Image_1_An Embodied Agent Learning Affordances With Intrinsic Motivations and Solving Extrinsic Tasks With Attention and One-Step Planning.pdf

We propose an architecture for the open-ended learning and control of embodied agents. The architecture learns action affordances and forward models based on intrinsic motivations and can later use the acquired knowledge to solve extrinsic tasks by decomposing them into sub-tasks, each solved with one-step planning. An affordance is here operationalized as the agent's estimate of the probability of success of an action performed on a given object. The focus of the work is on the overall architecture while single sensorimotor components are simplified.
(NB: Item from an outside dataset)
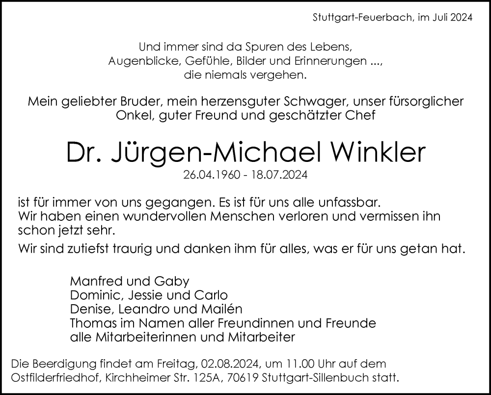 Hier finden Sie alle Traueranzeigen aus der Zeitung, die bisher für Jürgen-Michael Winkler erschienen sind. Weitere Traueranzeigen, die in der Zeitung erscheinen, werden hier ebenfalls aufgelistet

A key element of the architecture is the use of “active vision” that plays two functions, namely to focus on single objects and to factorize visual information into the object appearance and object position. These processes serve both the acquisition and use of object-related affordances, and the decomposition of extrinsic goals (tasks) into multiple sub-goals (sub-tasks). The architecture gives novel contributions on three problems: (a) the learning of affordances based on intrinsic motivations; (b) the use of active vision to decompose complex extrinsic tasks; (c) the possible role of affordances within planning systems endowed with models of the world. The architecture is tested in a simulated stylized 2D scenario in which objects need to be moved or “manipulated” in order to accomplish new desired overall configurations of the objects (extrinsic goals). The results show the utility of using intrinsic motivations to support affordance learning; the utility of active vision to solve composite tasks; and the possible utility of affordances for solving utility-based planning problems.